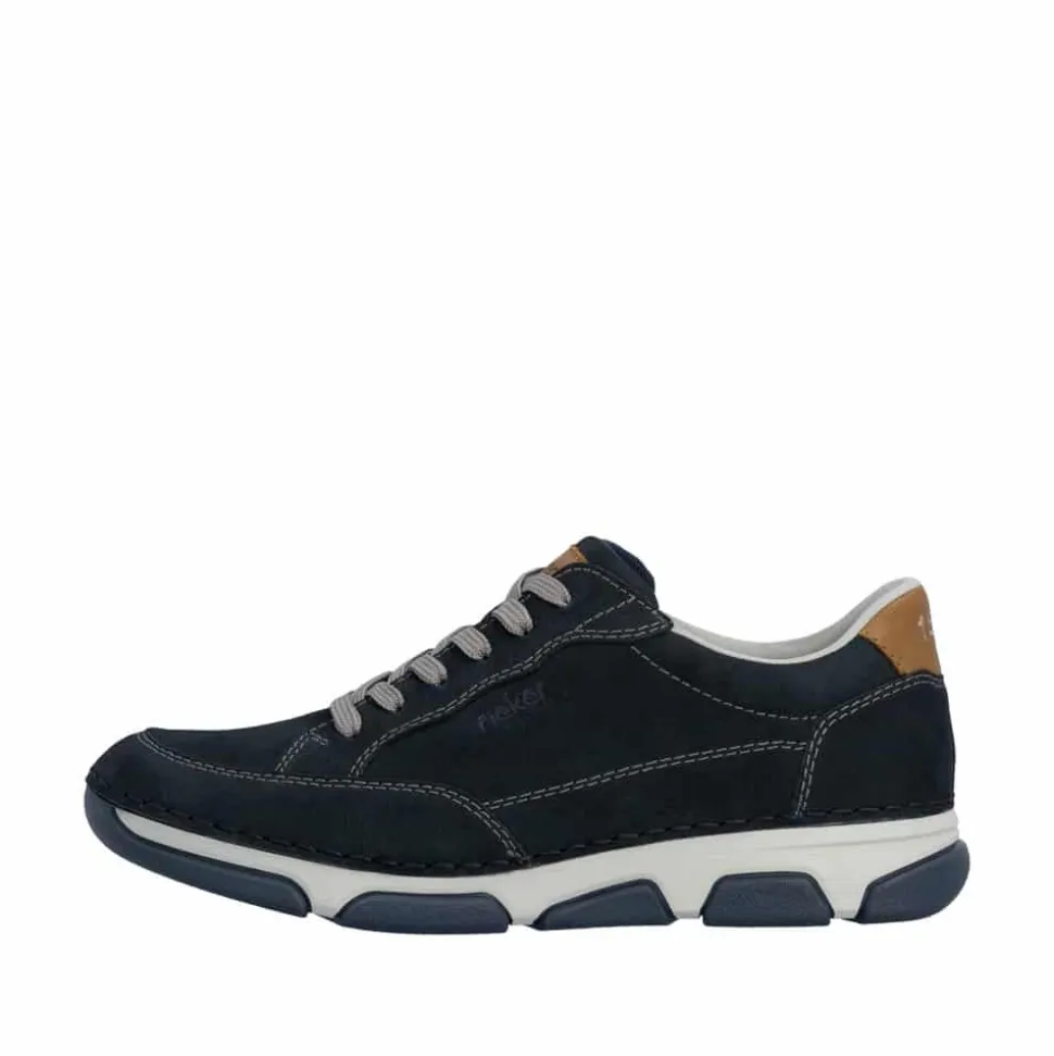 Rieker sneakers til herre i mørkeblå. Flotte og elegante sko med skindoverdel og fine detaljer, der giver et stilfuldt udtryk til både hverdag og pænere brug. Skoen har både snørebånd og en funktionel lynlås, som gør det let at komme i og af og samtidig giver mulighed for at justere pasformen. Indvendigt er skoen udstyret med en blød og udtagelig sål samt ekstra bredde (H), der sikrer høj komfort hele dagen. Ydersålen er designet med et mønster, som giver øget støtte og skridsikkerhed i hvert skridt.
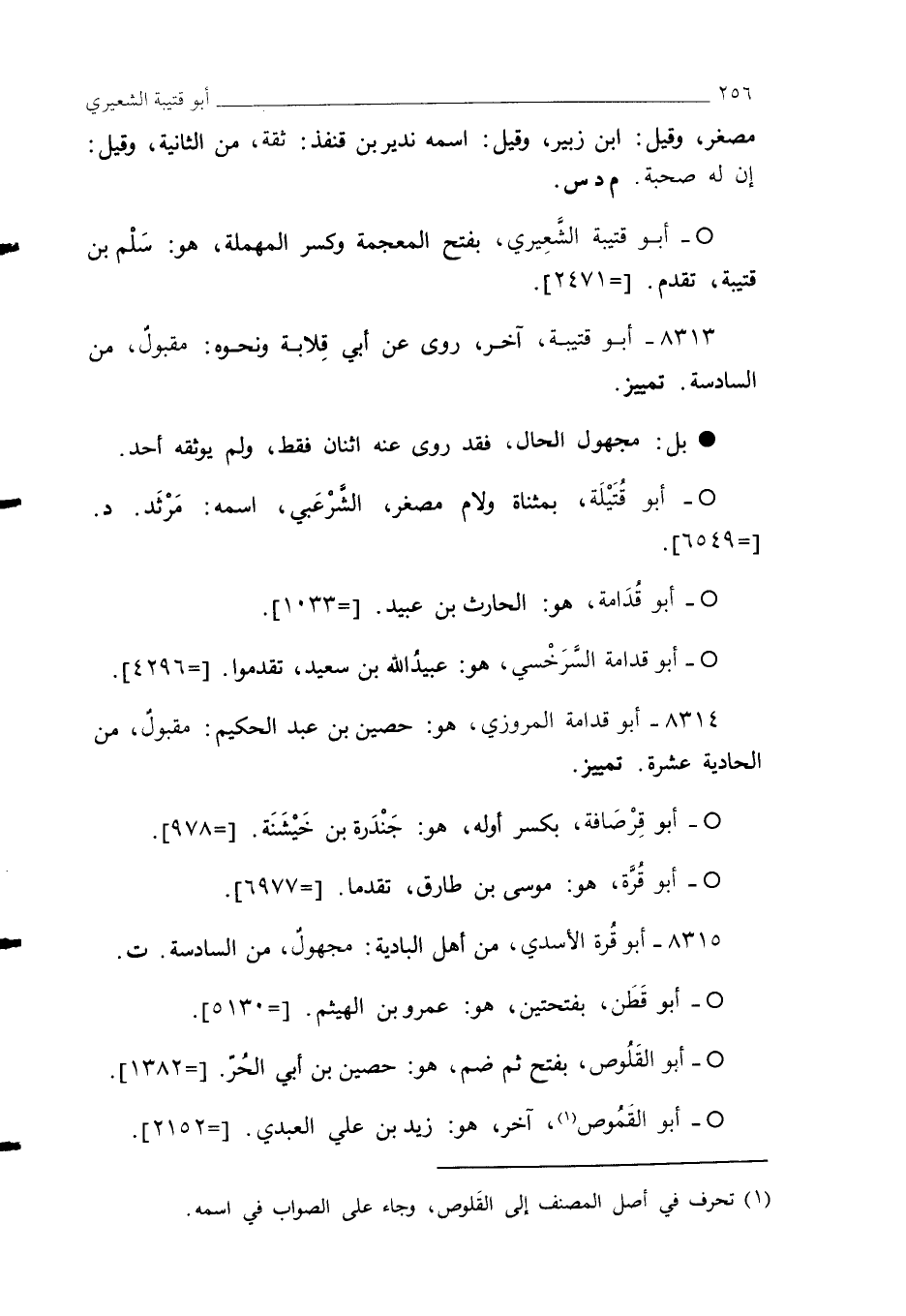 8313 - أبو قتيبة، آخر، روى عن أبي قِلابة ونحوه: مقبولُ، من السادسة. تمييز.
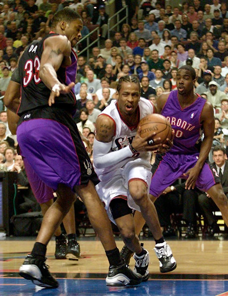Далее случилась, пожалуй, лучшая серия того плей-офф: «Филадельфия» замесилась в семи играх с «Торонто». Здесь было все: очная встреча двух главных на тот момент «новых джорданов», каваи, процессы, геймвиннеры и взаимные унижения, а также Классические Баскетбольные Качели™ – то есть все, ради чего мы и смотрим плей-офф. На проигрыш во втором матче «Торонто» ответили яростным адом третьего, где Картер буквально вытер ноги об Айверсона, настреляв немыслимые 50 очков (с 9 точными трехами из 13). Дальше было еще круче.

════════════════════

In copying the listing, reproduce each line exactly and omit the pictures.

# TASK SOLUTION
 Rieker sneakers til herre i mørkeblå. Flotte og elegante sko med skindoverdel og fine detaljer, der giver et stilfuldt udtryk til både hverdag og pænere brug. Skoen har både snørebånd og en funktionel lynlås, som gør det let at komme i og af og samtidig giver mulighed for at justere pasformen. Indvendigt er skoen udstyret med en blød og udtagelig sål samt ekstra bredde (H), der sikrer høj komfort hele dagen. Ydersålen er designet med et mønster, som giver øget støtte og skridsikkerhed i hvert skridt.
 8313 - أبو قتيبة، آخر، روى عن أبي قِلابة ونحوه: مقبولُ، من السادسة. تمييز.
Далее случилась, пожалуй, лучшая серия того плей-офф: «Филадельфия» замесилась в семи играх с «Торонто». Здесь было все: очная встреча двух главных на тот момент «новых джорданов», каваи, процессы, геймвиннеры и взаимные унижения, а также Классические Баскетбольные Качели™ – то есть все, ради чего мы и смотрим плей-офф. На проигрыш во втором матче «Торонто» ответили яростным адом третьего, где Картер буквально вытер ноги об Айверсона, настреляв немыслимые 50 очков (с 9 точными трехами из 13). Дальше было еще круче.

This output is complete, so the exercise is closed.